• DATA BLOCK:
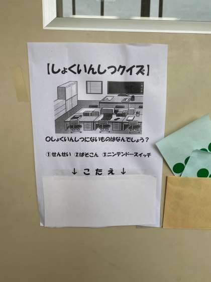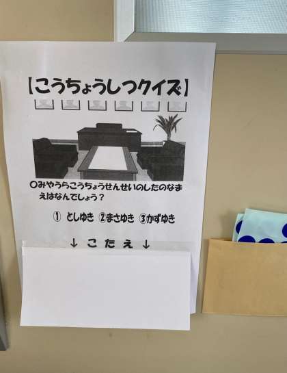 校長室前で、子どもたち:「入っていい?」。校長:「そうぞ、入ってください」の会話。
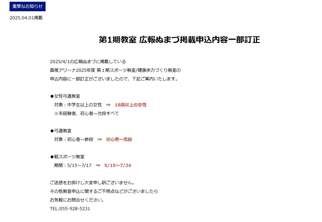 ただし、香陵アリーナのスポーツ教室については、広報ぬまづの内容から一部変更があるようです!
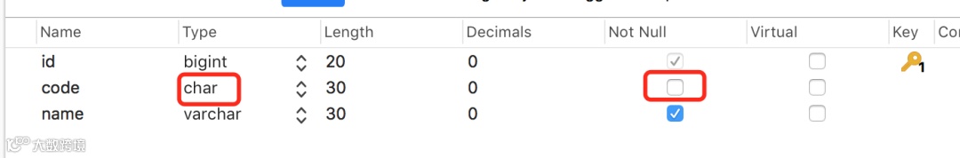 再把test1表的code字段类型改成char,并且改成允许为空:

• TO DO:
Everything from the line containing "ただし、香陵アリーナのスポー" through the final line of the material must be set down exactly, except the pictures.

• OUTPUT FOR THIS TASK:
 ただし、香陵アリーナのスポーツ教室については、広報ぬまづの内容から一部変更があるようです!
 再把test1表的code字段类型改成char,并且改成允许为空:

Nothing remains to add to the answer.